Dr Linda Sigaba, Growthpoint Healthcare’s fund manager, points out that the Cintocare Hospital is also the first hospital in South Africa, and arguably Africa, to generate its own oxygen on demand.

“We have used Pressure Swing Adsorption technology and have installed a plant to produce oxygen on site when needed,” he says.

“The hospital also has a fully robotic pharmacy, which processes and then sends medication via chutes to the relevant section of the hospital for use,” adds Sigaba.

De Klerk says all these elements “future-proof” the hospital, which has been signed on a 30-year lease.

“So it goes beyond just being a green building.

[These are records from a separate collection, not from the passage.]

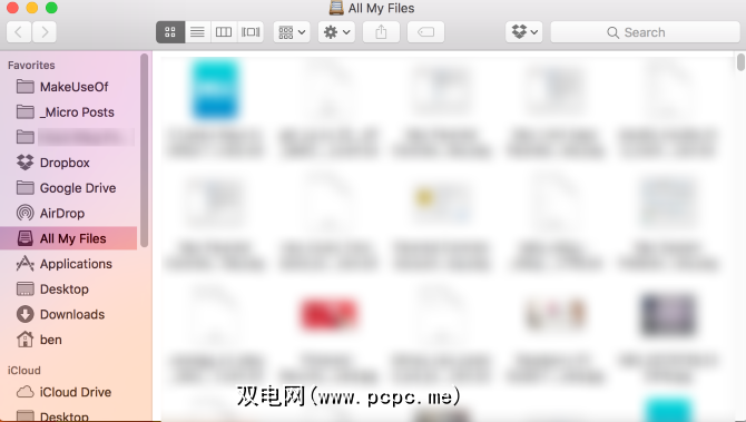 使用简单查找器选项位于其他选项卡上,使您的Mac文件系统更易于浏览。为了进行比较,下面是标准Finder视图的样子: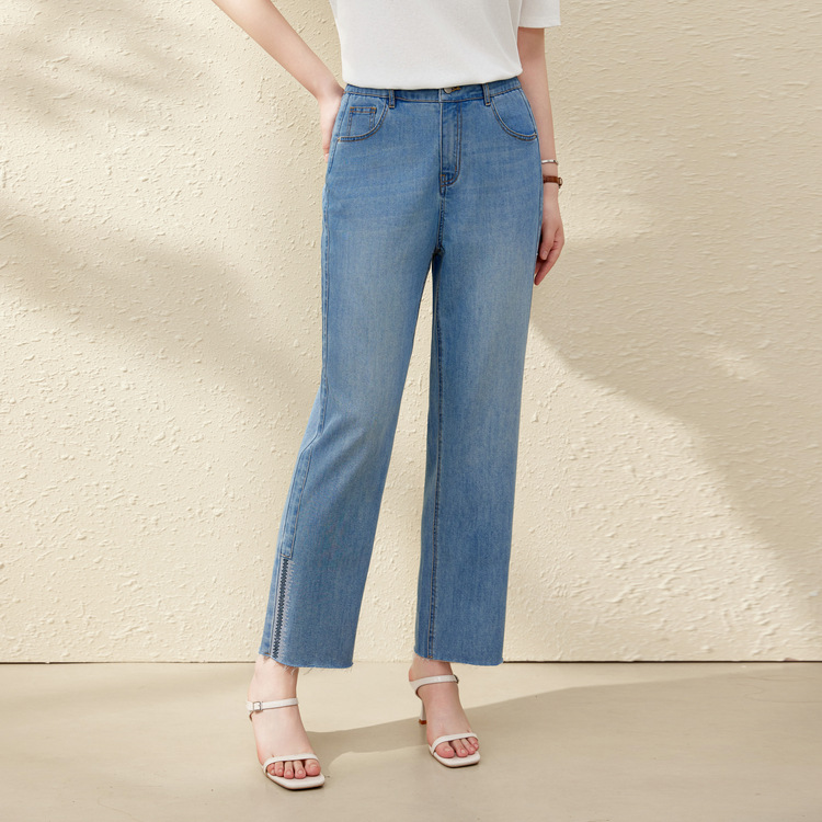 Celana Jeans Warna Asli Super Tipis Serat Sutra Mulberry Musim Panas dan Musim Semi Model Lurus Elastis Celana Jeans Pria Mudah Dipadu Padan Trendi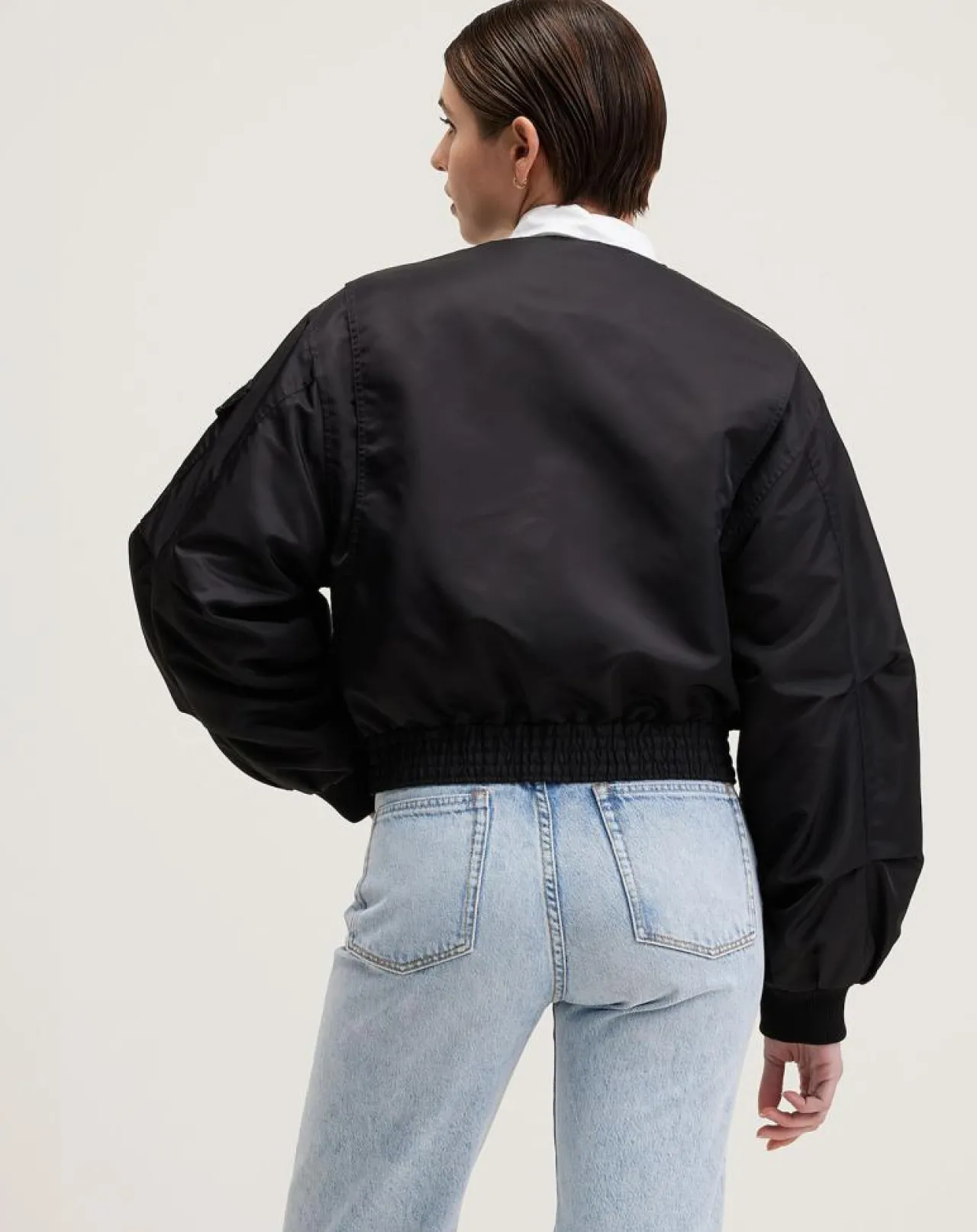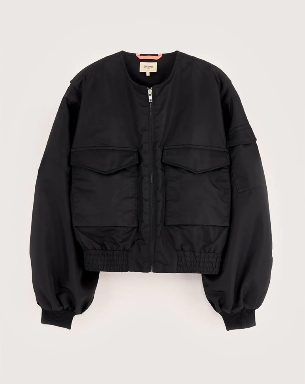 Veste sans col forme pilote en toile off black avec fermeture par zip argenté

We also have space to expand the hospital to 160 beds based on future demand,” he notes.

De Klerk tells Moneyweb the entire hospital project represents an investment of almost R700 million.

Besides Growthpoint’s R470 million investment to build the hospital, Cintocare has injected R150 million into equipping and fitting out the hospital, while the hospital’s separately managed radiology unit represents another R70 million investment.

“We have a great partnership with Cintocare and are proud to be with them at the cutting edge of creating a new clinical model in South Africa,” says De Klerk.

“Together, we have pioneered and paved the way forward for specialist medical facilities in the country while establishing the specifications for a green building certification tool for local healthcare properties, which didn’t exist before this development,” he adds.

Growthpoint’s share price closed almost 3% up on the news on Tuesday, at R13.53 a share.